The strength of Guide to Lenders lies in its massive list of connections. You can fill out one, simple application online and let Guide to Lenders can connect your application with a wide variety of leading lenders in minutes.
Best for: Homebuyers who aren’t sure what kind of loan they need but who want to shop for competitive rates.
Rocket Mortgage
Quicken Loans, which I’ve already listed, launched Rocket Mortgage in 2016 to streamline the mortgage-lending process. With Rocket Mortgage you can go through the entire lending process completely online.
Some of the company’s early ads said you could complete the process within eight minutes. I’d set aside at least an hour, though, just to make sure you’re entering your information correctly.
Still, it’s hard to find a more streamlined approach to lending online, especially considering the wide variety of loan programs Rocket Mortgage offers. If you’re refinancing, I’d start here.
Best for: Consumers who are somewhat familiar with mortgages, though the site is intuitive enough for anyone who’s comfortable online.
North American Savings Bank
You won’t see as many ads for North American Savings Bank, but they’ve caught my attention over the years because of their customer service.
The bank allows you to easily apply for pre-qualification, which gives you a great idea how much you can borrow (assuming you enter correct information about your income and expenses).
A pre-qualification helps when you’re home shopping because you already know about how much you can spend.
Then, when it’s time to officially apply, North American Savings Bank has personalized counseling available to help guide you through the process.
Best for: First-time homeowners who need a 15 or 30-year mortgage and some personalized help available.
AmeriValue Mortgage Refinance
Here’s another aggregator, like Guide to Lenders and Lending Tree, except AmeriValue focuses exclusively on refinances.
If you’ve been in your house a while and need to tap into the equity, or if you can now qualify for a lower interest rate than when you first got your mortgage, AmeriValue can help.
I like their simple online application that does not require all of your personal and financial details before it starts matching you with potential lenders. The site doesn’t include many bells and whistles such as mortgage calculators. It assumes you know what you’re after.
Best for: Experienced loan shoppers looking for a good deal on a mortgage refinance.
NBKC Bank
NBKC, formerly known as National Bank of Kansas City, started back in 1999 to serve online customers’ mortgage needs.
The bank specializes in subsidized loans, especially VA loans for veterans and their families, and in customer service.
Applicants can get a personal loan officer like you would at a neighborhood bank or savings and loan. While actual, in-person customer service is available only in Kansas and Missouri, the bank’s phone support makes the process easier for customers in all 50 states.
Best for: First-time buyers who need subsidized loans and in-person guidance.
Your Home, Your Loan, Your Future
Mortgages are common. Banks, credit unions and other lenders originate 6 to 8 million of them a year.
So what makes yours different?
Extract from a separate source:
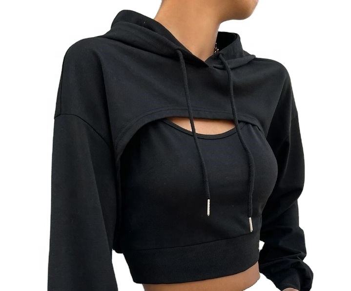 เสื้อมีฮู้ดผ้าฝ้ายผูกเชือกสำหรับผู้หญิงเสื้อโยคะเปิดไหล่ตกเสื้อฮู้ดกีฬาแบบแอกทีฟออกแบบได้ตามต้องการ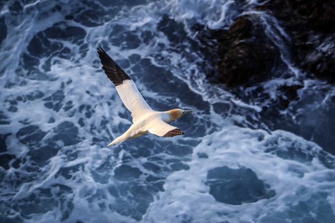 That said, their hunting skills alone are something only few seabirds can match: Spotting schools of fish from above, they fold their wings back and dive like arrows into the ocean from heights of up to 40 metres and at speeds of 60 mph / 97 kmh. To withstand the impact, gannets have evolved special adaptations: air sacs in their face and chest act like cushions, and their nostrils are internal, preventing water from rushing in. Their preferred prey includes mackerel, herring, and sand eels, which they often catch underwater after their initial plunge.

That’s a question only you can answer because your loan should match your individual needs.
It’s also a question you should answer.
Yes, your payment must fit your current monthly budget, but you need an eye on the future, too. A mortgage is an investment, after all.
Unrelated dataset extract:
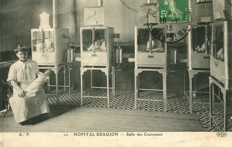 Above: Incubators of Alexandre Lion’s design at the Hǒpital Beaujon in Clichy France, postmarked 1913.

You can make this happen by understanding how to find:
The right length for your loan: You can save a lot with a shorter-term loan so long as you can make the payments.
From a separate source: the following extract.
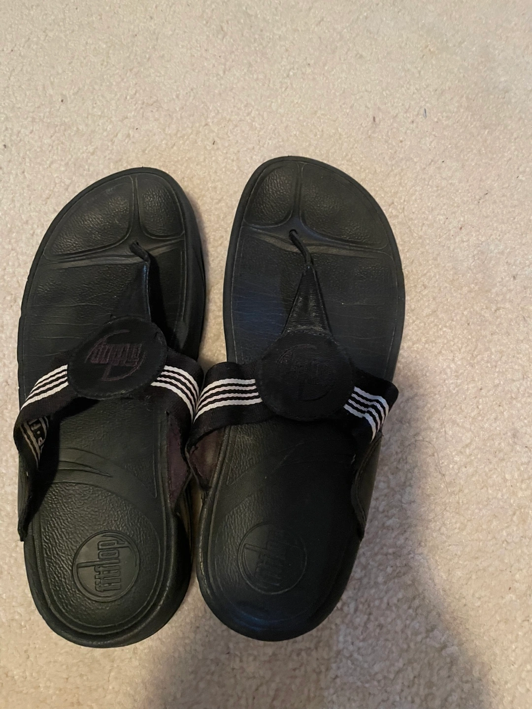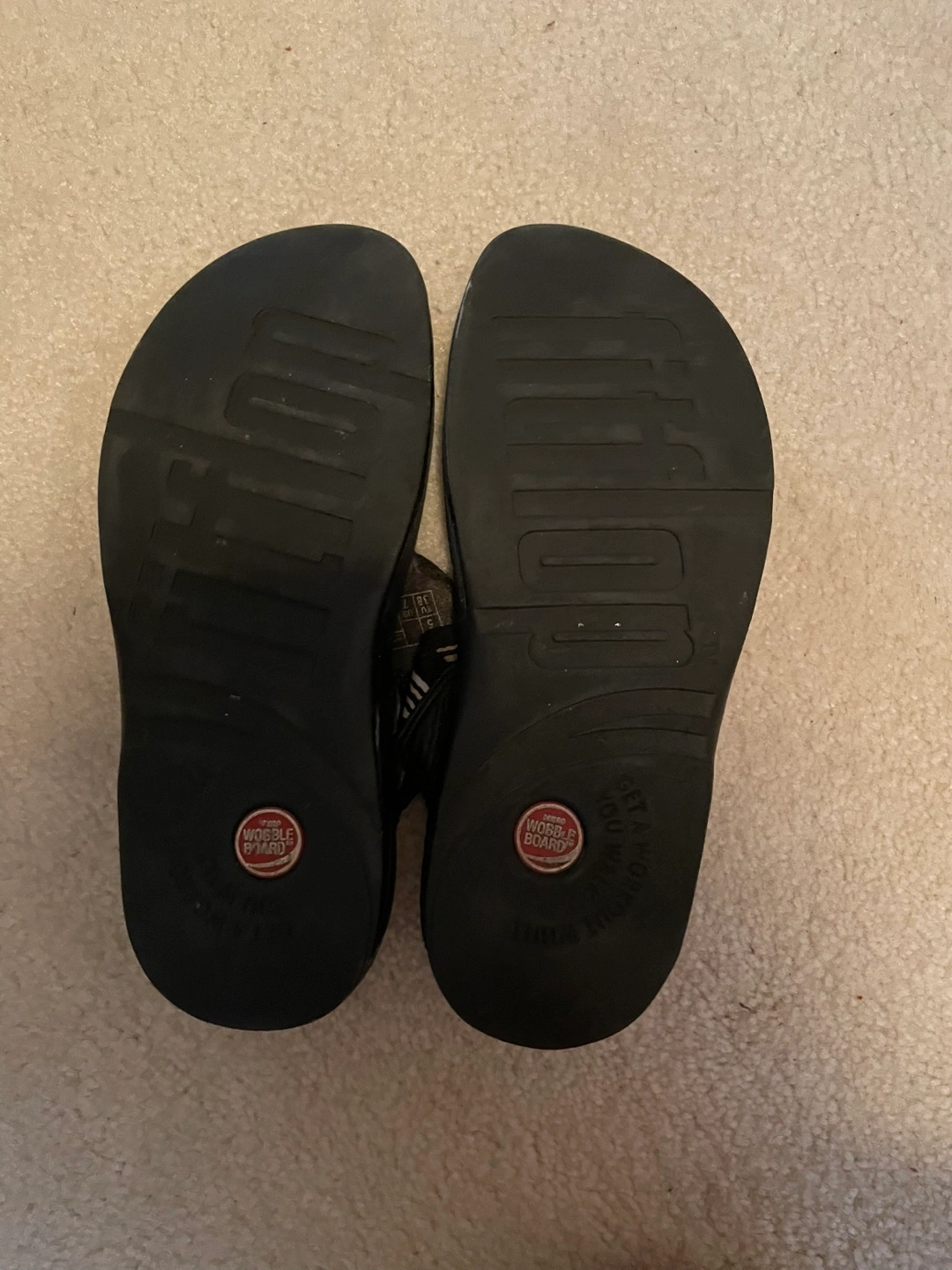 These black Fitflop sandals are in good condition and ready for a new home. They are a US size 8. These sandals feature a 'wobble board' sole, which is designed for comfort and support

The best interest rate you can qualify for: Start working on your credit score now. Refinance your home if you’ve improved your score a lot since purchasing.
The best use of your own money for a down payment: Get more house with less debt by spending some of your own money.
The right amount of help from government subsidies: If you need help with credit or down payments, Uncle Sam can offer it.
The right balance between paying off your loan early and staying on schedule: The faster you pay off your loan, the more control you’ll have.
When you build a mortgage to match your needs, you’re getting more than just a loan. You’re getting a tool to help build a more stable financial future.